2023-01-17 23:33:50.551222: I tensorflow/core/platform/cpu_feature_guard.cc:193] This TensorFlow binary is optimized with oneAPI Deep Neural Network Library (oneDNN) to use the following CPU instructions in performance-critical operations:  AVX2 FMA
To enable them in other operations, rebuild TensorFlow with the appropriate compiler flags.


In [5]:
model.compile(
    loss=SparseCategoricalCrossentropy(from_logits=True),
    optimizer=Adam(learning_rate=0.0001)
)

In [6]:
model.fit(X_train, y_train, epochs=30)

Epoch 1/30
Epoch 2/30
Epoch 3/30
Epoch 4/30
Epoch 5/30
Epoch 6/30
Epoch 7/30
Epoch 8/30
Epoch 9/30
Epoch 10/30
Epoch 11/30
Epoch 12/30
Epoch 13/30
Epoch 14/30
Epoch 15/30
Epoch 16/30
Epoch 17/30
Epoch 18/30
Epoch 19/30
Epoch 20/30
Epoch 21/30
Epoch 22/30
Epoch 23/30
Epoch 24/30
Epoch 25/30
Epoch 26/30
Epoch 27/30
Epoch 28/30
Epoch 29/30
Epoch 30/30


<keras.callbacks.History at 0x2536ef8e0>

## Testing our Model
To test our model, we can simply loop over our dataset and see how many values it correctly classifies (or miss-classifies for that matter). We do the same for our test set so we can compare these values and see if our model generalizes well to data it has not seen before.

In [7]:
# training set
yhat = model.predict(X_train)
correct = 0
for i in range(len(y_train)):
    if y_train[i] == np.argmax(tf.nn.softmax(yhat[i])):
        correct += 1
print('accuracy with trainingt set: ' + str(correct/len(y_train)))

# test set
yhat = model.predict(X_test)
correct = 0
for i in range(len(y_test)):
    if y_test[i] == np.argmax(tf.nn.softmax(yhat[i])):
        correct += 1
print('accuracy with test set: ' + str(correct/len(y_test)))
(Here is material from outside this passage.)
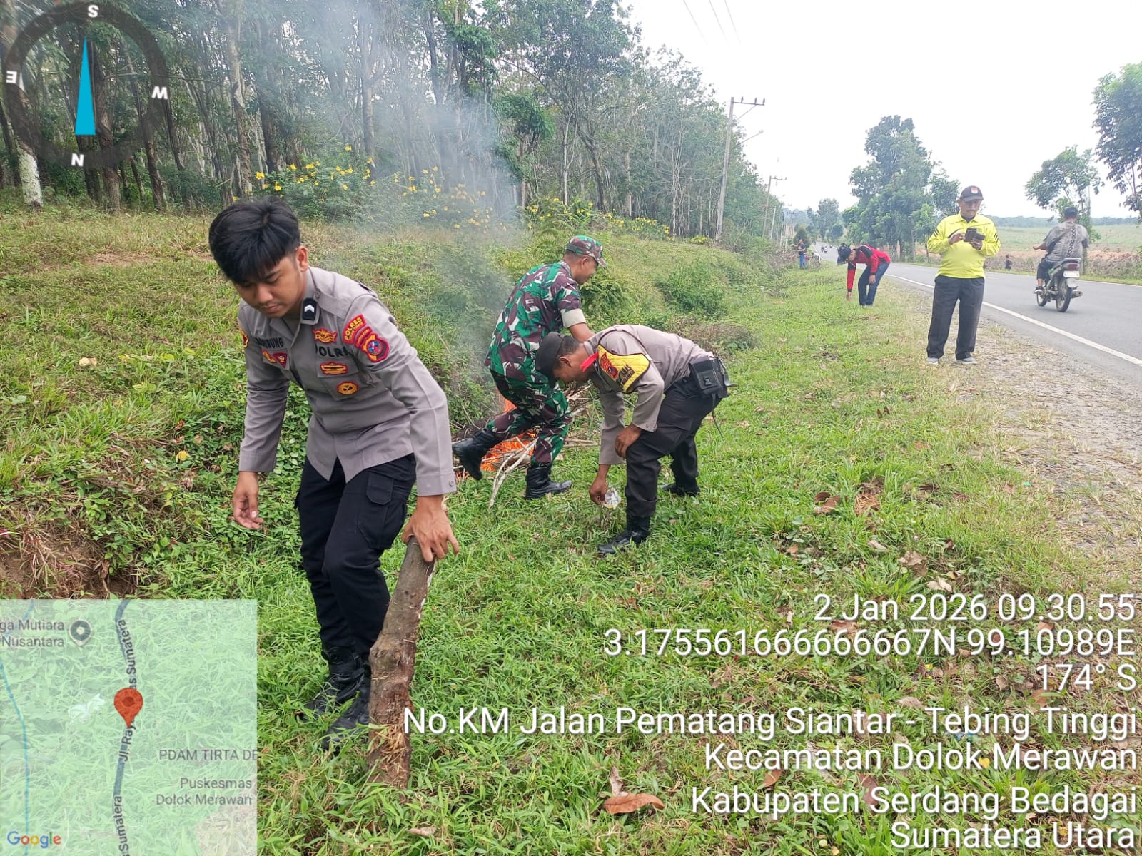 Dalam rangka menyemarakkan peringatan Hari Jadi Pemkab Serdang Bedagai (Sergai) ke-22, Polsek Dolok Merawan Polres Tebing Tinggi bersama warga masyarakat bergotong-royong yang berlangsung di Jalinsum Medan-P.Siantar Dusun III Desa Kalembak Kecamatan Dolok Merawan Kabupaten Sergai, Jumat (2/1/2026).

accuracy with trainingt set: 0.9945585634607537
accuracy with test set: 0.9821507200927905


## Conclusion
On our training set, the model predicted ~ 99.4% of the labels correctly. On our test set, our model predicted ~ 98.2% of the labels correctly. The model does seem to generalize out to unseen data pretty well.

In [9]:
model.save('my_model')



INFO:tensorflow:Assets written to: my_model/assets


INFO:tensorflow:Assets written to: my_model/assets


## Error Analysis
We can run some code on our test set predictions to check if there is a pattern on letters that our model has trouble predicting. We can use this information to further tune our model in the future to get better results.

In [8]:
incorrect_count = [0] * 26
for i in range(len(y_test)):
    if y_test[i] != np.argmax(tf.nn.softmax(yhat[i])):
        incorrect_count[int(y_test[i])] += 1
for i in range(26):
    print(f'{i}: {incorrect_count[i]}')


0: 56
1: 50
2: 52
3: 119
4: 40
5: 11
6: 64
7: 80
8: 14
9: 97
10: 44
11: 35
12: 77
13: 97
14: 136
15: 64
16: 104
17: 63
18: 61
19: 26
20: 115
21: 40
22: 52
23: 40
24: 96
25: 29


From the looks of it, the missclassifications are split pretty evenly among all the letters except for a few anomalies. 
<br>
It has the most issues with predicting the letters 'O', 'D', and 'U' in with 136, 119 & 115 missclassificataions respectively. Note the average for each letter seems to be around ~ 50.
<br>
On the other hand, it almost always correctly classified 'F' and 'I' with only 11 and 14 missclassifications.